Produkttyp: Papstar Arbeitskleidung
Neuester Testbericht: ... aus Vlies) und lassen die Trägerin/den Träger alle gleich bescheuert aussehen. Zum Preis kann ich aus o.g. Gründen keine Angab... mehr
Wenn es keine Vorschrift gibt...
Papstar Klipp-Hauben

Name des Mitglieds: friedel1910
Produkt:
Papstar Klipp-Hauben
Datum: 07.11.11
Bewertung:
Vorteile: nützlich bei kurzem Haar und wilden Locken sowie im Falle von akutem Haarausfall
Nachteile: lässt jeden Mitarbeiter hässlich aussehen
Als ich vor zwei Jahren am Hauswirtschaftslehrgang teilnahm, gab es auch einen Baustein "Speisenzubereitung". Hier musste natürlich spezielle Berufsbekleidung getragen werden und auch eine...

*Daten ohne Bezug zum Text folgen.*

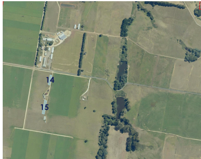
Map of proposed activity areas 14 and 15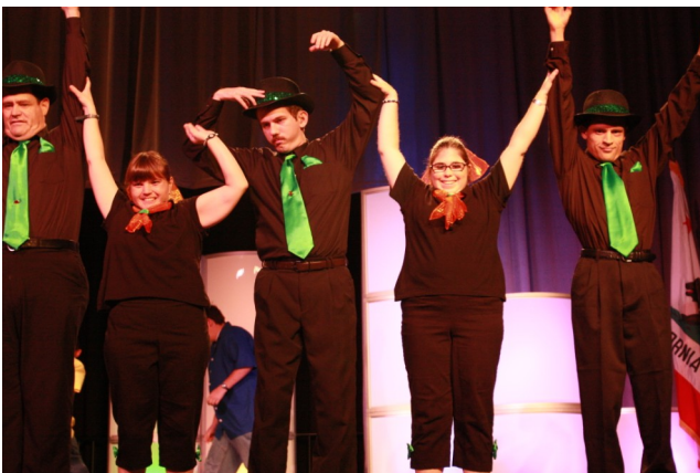
We were entertained by the High Tops Dance Ensemble!

OOOOOOOOOO Kopfbedeckung OOOOOOOOOO
Wir Frauen fanden das reichlich doof, insbesondere diejenigen, die lange Haare und diese streng zu einem Zopf gebunden hatten. Aber es half alles nichts, die "Oberlehrerin" bestand darauf und verteilte diese hässlichen Dinger.

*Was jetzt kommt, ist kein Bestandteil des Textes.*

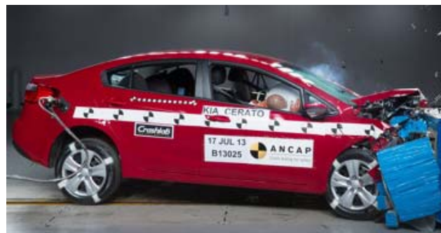
Frontal offset test at 64 km/h (ANCAP crash test of sedan)

Note: This rating is based on ANCAP crash tests of the Cerato sedan. ANCAP was provided with information which showed that the rating also applies to the Cerato Koup.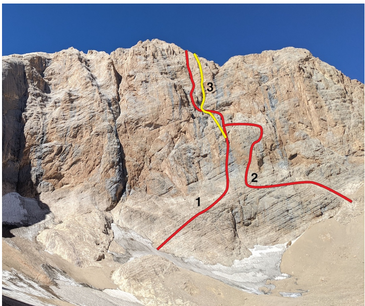
Northeast face of Vayvay. Nessuno (2012) is off-picture to the left. (1) Turkish line (1997). (2) Ceschia-Perotti Route (1986). (3) Sessizlik (2021).

+++ Meine Erfahrungen / Meine Meinung +++
Ob es sich bei den "hübschen Käppis" um die Marke Papstar oder ein anderes Fabrikat handelte, vermag ich nicht zu sagen, aber im Grunde genommen sind die alle gleich (hergestellt aus Vlies) und lassen die Trägerin/den Träger alle gleich bescheuert aussehen.
Zum Preis kann ich aus o.g. Gründen keine Angaben machen.
Natürlich ist es eine Frage der Hygiene, eine Kopfbedeckung zu tragen, wenn die Gefahr besteht, dass - im wahrsten Sinne des Wortes - ein Haar in der Suppe landen könnte. Aber bei zum Zopf zusammengefassten Haar???
Und selbst wenn ein Restrisiko bleibt... Bei Köchen mit Vollbart verlangt doch auch keiner, dass sie da was darüber tragen!?
Das Interessante an diesem Sachverhalt letztendlich war die Frage und Antwort an einen Experten.
*** Die Frage ***
Jemand hatte gelesen, dass die Vorschrift zum Tragen einer Kopfbedeckung inzwischen nicht mehr zwingend sei.
*** Die Antwort ***
(veröffentlicht in der Fachzeitschrift "rhw-management" Ausgabe 12/2009)
Ich gebe die Veröffentlichung hier gekürzt und sinngemäß wieder:
- Eine allgemeinverbindliche Vorschrift zum Tragen einer Kopfbedeckung im Lebensmittelbereich gab es noch nie.
Ziel ist es, mit angemessenen Maßnahmen jede nachteilige Beeinflussung der Lebensmittel zu verhindern.
- Konsequent wäre:
Haarnetz / Bartbinde / lange Ärmel und zwar von der Warenanlieferung bis zur Essenausgabe
- Jede Einrichtung muss ihre Maßnahmen selbst festlegen bzw. kann diese im Bedarfsfall mit dem Veterinäramt abstimmen. Es bleibt in der Verantwortung der Einrichtung, wie sie die o.g. nachteilige Beeinflussung der Lebensmittel verhindert.
Und nun?
Ich denke, Hygiene sollte generell oberstes Gebot sein, aber es muss realistisch bleiben und sollte nicht übertrieben werden.
Wenn ich in manchen Geschäften sehe, dass zwar Einweghandschuhe getragen werden, mit diesen aber erst die Ware und dann das Geld und dann beim nächsten Kunden wieder die Ware angefasst werden, dann ist der Sinn und Zweck verfehlt.
Ich selbst fände ein Haar in der Suppe mit Sicherheit auch eklig, aber die meisten Keime werden doch nach wie vor durch unsere Hände übertragen und häufiges Händewaschen sowie der korrekte Einsatz von Einweghandschuhen dürften aus meiner Sicht wichtiger sein, als eine Kopfbedeckung bei Zopfträgern und -trägerinnen.
Daher meine Meinung: Kopfbedeckung ja, aber nur da, wo es wirklich nötig ist.